Grégory Schiro - PowerShell MVP - PowerShell & MOF- 回答の候補に設定Grégory SchiroMVP2009年7月3日 8:26
- Hm, but what about this (my) case?
# my script folder:
$dir = "C:\Users\cas\Documents\sysTools\Windows PowerShell\prg"
$cert = @(Get-ChildItem cert:\CurrentUser\My -CodeSigning)[0]
foreach ($scr in Dir -path $dir -filter *.ps1) {
$scr = $dir+"\"+$scr
echo $scr
Set-AuthenticodeSignature $scr $cert
}
### done ###
this causes one script is valid, tow others have an unkonwn error ?

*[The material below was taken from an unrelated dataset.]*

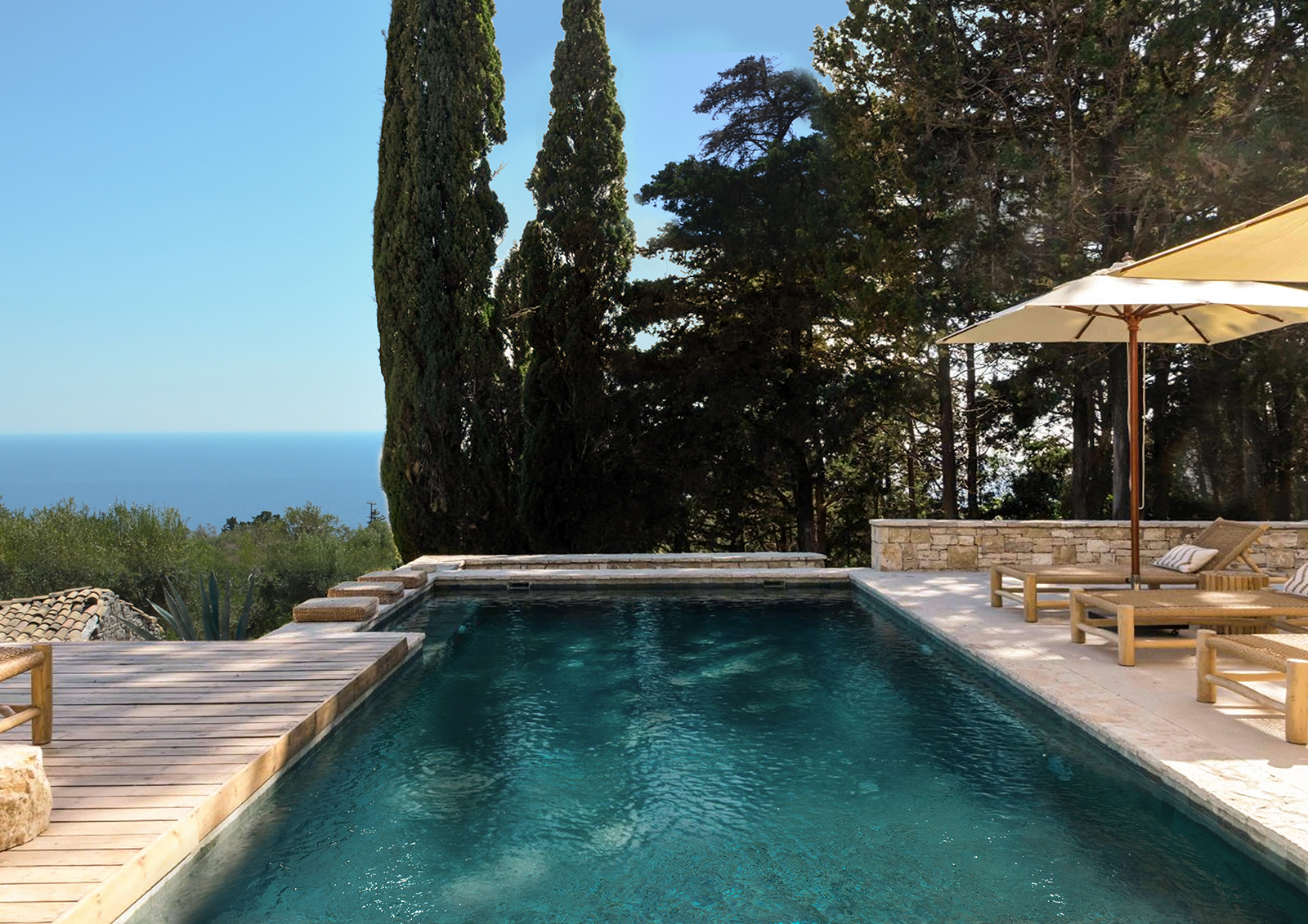 Inside, the villa’s material narrative continues with original masonry walls left exposed, carefully cleaned and repointed to reveal their layered history. Vaulted timber ceilings, whitewashed, reclaimed beams, and natural stone or timber floors establish a palette of quiet modernity—where texture, light, and shadow become architectural protagonists. Deep – set windows frame curated vistas of the Ionian Sea, olive groves, and the pool, reinforcing a constant dialogue with the landscape.

SignerCertificate Status Path
----------------- ------ ----
UnknownError get-Gmail.ps1
C:\Users\cas\Documents\sysTools\Windows PowerShell\prg\readDAXmail.ps1
UnknownError readDAXmail.ps1
C:\Users\cas\Documents\sysTools\Windows PowerShell\prg\send-TcpRequest.ps1
B305..B53D20 Valid send-TcpRequest.ps1
and a : get-childitem cert:\. -recurse -codesigningcert
prints to me:
Verzeichnis: Microsoft.PowerShell.Security\Certificate::CurrentUser\My
Thumbprint Subject
---------- -------
B305..B53D20 CN=PowerShell User
The sig has been created by
So I think my local certificat was found, but why the ____ my scripts aren't sigend?